Here's my current testing code in C:
#include <stdio.h>
#include <inttypes.h>
int main()
{
uint16_t nums[4];
uint64_t num = 2310051230312123321;
uint64_t mainnum = 0;
#if __BYTE_ORDER__ == __ORDER_LITTLE_ENDIAN__
nums[0] = num >> 0; // xxxx ---- ---- ----
nums[1] = num >> 16; // ---- ---- ---- xxxx
nums[2] = num >> 32; // ---- ---- xxxx ----
nums[3] = num >> 48; // ---- xxxx ---- ----
#else
/*
nums[0] = num << 0;
nums[1] = num << 16;
nums[2] = num << 32;
nums[3] = num << 48;
*/
#endif
printf("Num => %" PRIu64 "\nNum #1 => %" PRIu16 "\nNum #2 => %" PRIu16 "\nNum #3 => %" PRIu16 "\nNum #4 => %" PRIu16 "\n\n", num, nums[0], nums[1], nums[2], nums[3]);
#if __BYTE_ORDER__ == __ORDER_LITTLE_ENDIAN__
mainnum = ((uint64_t)(nums[0] >> 16 | nums[1]) >> 48) | (nums[3] << 16 | nums[2]);
#else
/* ... */
#endif
uint16_t other[4];
other[0] = mainnum >> 0;
other[1] = mainnum >> 16;
other[2] = mainnum >> 32;
other[3] = mainnum >> 48;
printf("Num => %" PRIu64 "\nNum #1 => %" PRIu16 "\nNum #2 => %" PRIu16 "\nNum #3 => %" PRIu16 "\nNum #4 => %" PRIu16 "\n", mainnum, other[0], other[1], other[2], other[3]);
return 0;
}
The program outputs the following:
Num => 2310051230312123321
Num #1 => 19385
Num #2 => 54197
Num #3 => 62298
Num #4 => 8206
Num => 537850714
Num #1 => 62298
Num #2 => 8206
Num #3 => 0
Num #4 => 0
I want num and mainnum to be the same.
I know I am not understanding something here and I don't have much experience with bitwise operators.
mainnum = ((uint64_t)(nums[0] >> 16 | nums[1]) >> 48) | (nums[3] << 16 | nums[2]);
To my understanding, I am starting at nums[0] and I'd assume this should populate the first 16 bits with this value. From here, I am shifting to the right by 16-bits to put us at the 48 bits offset and replace the 16 bits after that with nums[1] (in which, I believe is the most significant on little endian).
From here, I then shift mainnum to the right by 48 bits to put us at the 16 bit offset. I then replace the next 16 bits with nums[3] and shift to the left by 16 bits and replace the rest with nums[2].
I definitely need more practice with bitwise operators (it is on my to-do list) and I'm sure I'm doing something silly here. I just wanted to see if anybody could correct me on what I'm doing wrong.

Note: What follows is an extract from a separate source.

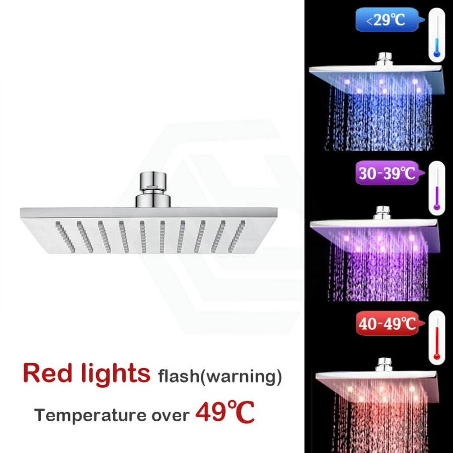 This large 8 inch square LED Rainfall Shower Head allows you to enjoy first class luxury in your very own bathroom. Featuring LED display lights, this modern design rainfall shower head detects the water temperature (blue for cold, violet for warm and red for hot). Made from solid brass with a high grade chrome finish this shower head also boasts WELS approval for water saving and energy saving.

Any help is highly appreciated and thank you for your time!
You need the same/corresponding indexes and shift amounts that you used to create nums from num:
nums[0] = num >> 0; // xxxx ---- ---- ----
nums[1] = num >> 16; // ---- ---- ---- xxxx
nums[2] = num >> 32; // ---- ---- xxxx ----
nums[3] = num >> 48; // ---- xxxx ---- ----
And, each term needs a (uint64_t) cast to force promotion to 64 bits. Otherwise, the shift will exceed the size used for intermediate terms on the right side of the assignment (e.g. they'll be done with int and/or unsigned int).
mainnum |= (uint64_t) nums[0] << 0;
mainnum |= (uint64_t) nums[1] << 16;
mainnum |= (uint64_t) nums[2] << 32;
mainnum |= (uint64_t) nums[3] << 48;
I prefer the above because it's cleaner/clearer and [when optimized] will produce the same code as doing it with a single statement:
mainnum =
(uint64_t) nums[0] << 0 |
(uint64_t) nums[1] << 16 |
(uint64_t) nums[2] << 32 |
(uint64_t) nums[3] << 48;